When the request to the closecontact back office finishes, the club token, the club token key, the (decrypted) private club key, the half-decrypted check-in records, and the fully-decrypted check-in records are all discarded.

Privacy and security considerations

This section describes some of the considerations behind decisions made with relation to privacy and security.

Club token security

The club token is secret, but the club token by itself is not useful. It cannot be used to sign in, and it cannot be used to download the check-in log. The club token is only useful to club administrators who are signed in to the closecontact back office.
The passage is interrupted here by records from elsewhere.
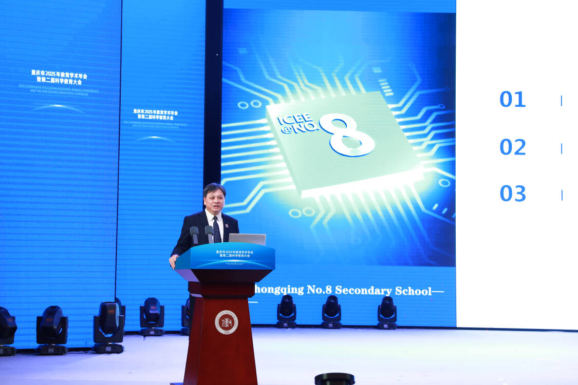 会上,重庆市第八中学校党委书记、教育集团总校长周迎春以《人工智能时代的创新人才培养——重庆八中的创新实践》为题,从新时代学校整体改革构建、创新人才培养之“三创”教育、拔尖创新人才培养的体系跃升三个维度,分享了学校创新人才培养的实践经验。
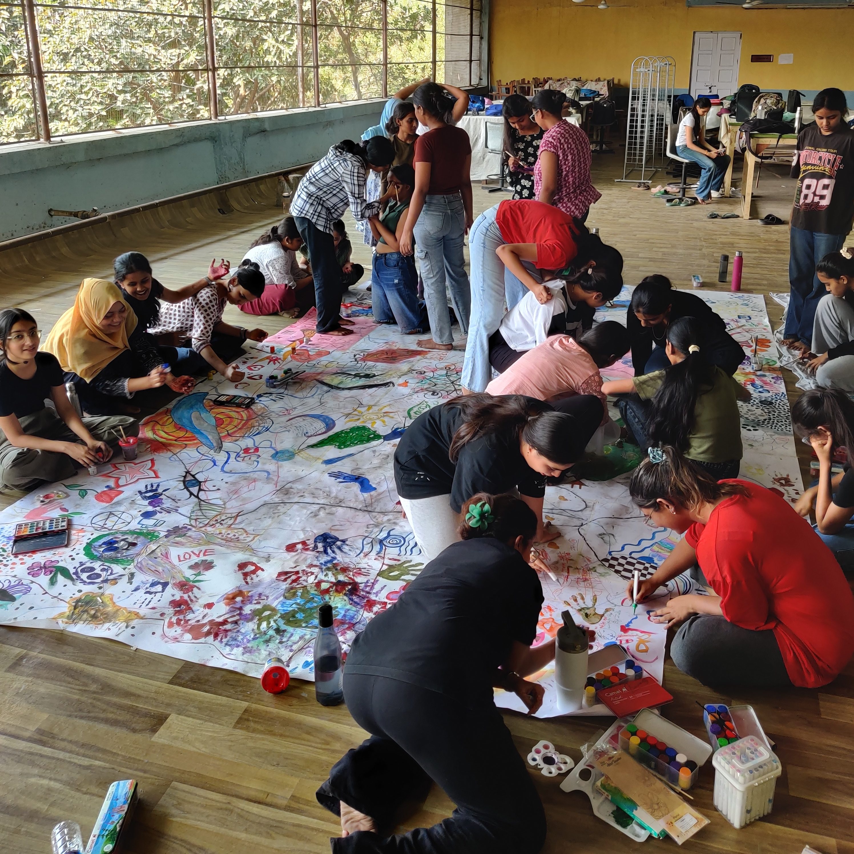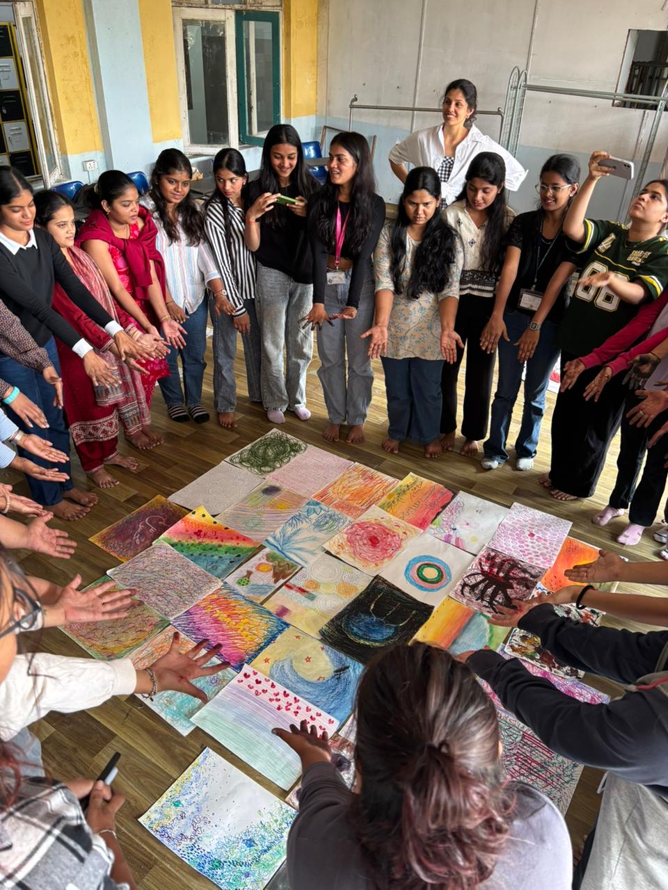 These group based art workshops are facilitated across colleges, institutions and retreats, creating safe environments for embodied expression through art, movement and play.
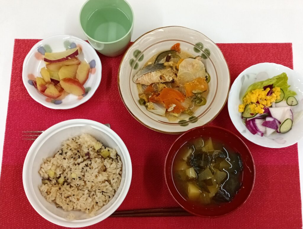 鮭のちゃんちゃん焼き風煮物、赤カブのサラダ、サツマイモご飯、お味噌汁、サツマイモとリンゴの重ね煮
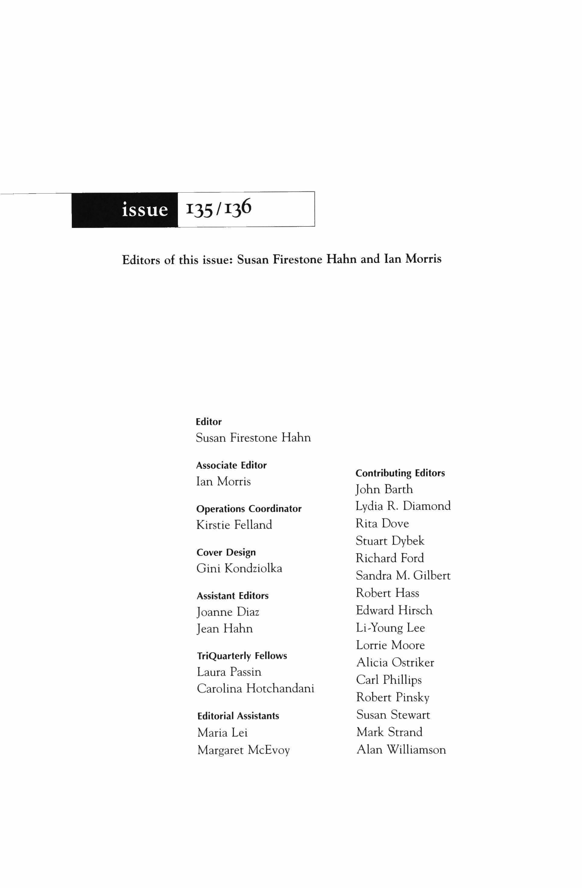 Publication of TriQuarterly is made possible in part by the donors of gifts and grants to the magazine. For their recent and continuing support, we are very pleased to thank the Illinois Arts Council, the Lannan Foundation, the National Endowment for the Arts, the Sara Lee Foundation, the Wendling Foundation and individual donors.
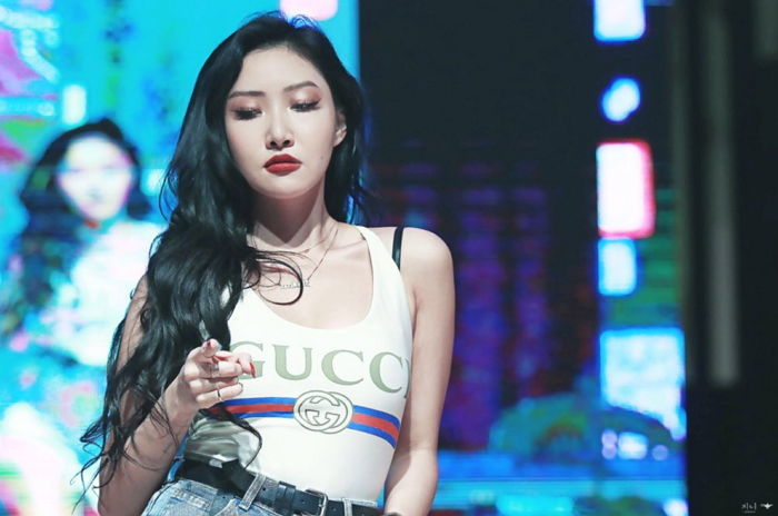 물오른 미모를 자랑하는 트와이스 채영과 ‘인간 구찌’ 대란을 일으킨 마마무 화사 는 ‘Sparkling swimsuit with GUCCI Logo’를 무대의상으로 선보였다.

For this reason, we believe that having the club token written down is fine from a security and privacy point of view, and we even recommend printing out the club token and storing it in a secure location.

Data retention

Check-in records are kept for 30 days in the database. Each day, all records older than 30 days are removed from the database.

Database backups are kept for 7 days. A club’s check-in log functionality will contain check-in records at most 30 days old, even if the database contains older records. This way, restoring the database from backups won’t make it possible to download older records.

Ephemeral data handling

All systems running on our infrastructure (the guest registration frontend and the closecontact back office) only handle personal data when absolutely required, and discard this data after it is used:

  • After the guest registration backend generates the pass, all personal information (name, telephone number, and email address) is discarded. Additionally, the guest registration backend intentionally does not have a connection to a database.
  • After the check-in log is downloaded, the half-decrypted check-in records, the fully-decrypted check-in records, the club token, and the (unencrypted) private club key are discarded immediately as the request ends.
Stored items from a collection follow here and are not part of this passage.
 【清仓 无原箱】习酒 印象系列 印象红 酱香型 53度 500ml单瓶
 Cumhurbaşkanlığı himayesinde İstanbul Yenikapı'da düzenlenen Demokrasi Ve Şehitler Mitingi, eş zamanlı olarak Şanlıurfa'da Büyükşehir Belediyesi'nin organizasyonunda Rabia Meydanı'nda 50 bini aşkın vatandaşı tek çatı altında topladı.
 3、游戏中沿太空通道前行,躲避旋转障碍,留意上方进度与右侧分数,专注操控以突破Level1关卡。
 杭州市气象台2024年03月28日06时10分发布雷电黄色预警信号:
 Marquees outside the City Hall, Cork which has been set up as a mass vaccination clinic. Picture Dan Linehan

Additionally, when generating a keypair and a club token, the club token and the (unencrypted) private club key are discarded as soon as the private club key is encrypted and stored in the database, and the club token is sent out of band.

Data boundaries between systems

The closecontact architecture prevents data from being inside a system if it is not processed within that system. This has the following effects:

  • The data that is stored in the closecontact back office cannot be read by closecontact administrators. This data is encrypted with the club key, and cannot be decrypted without the private club key. This private club key, in turn, is encrypted and cannot be decrypted without the club token, which is unknown to closecontact administrators.
  • The data in a pass is not sent as-is to the back-end of the closecontact back office. Before it is sent, it is encrypted with the club key inside the browser, so that the closecontact back office backend (which runs on our infrastructure rather than the browser) cannot decrypt this data.
  • The door operator cannot extract personal information from the QR code, as it is encrypted with the closecontact key, and the decryption key is not available to the door operator.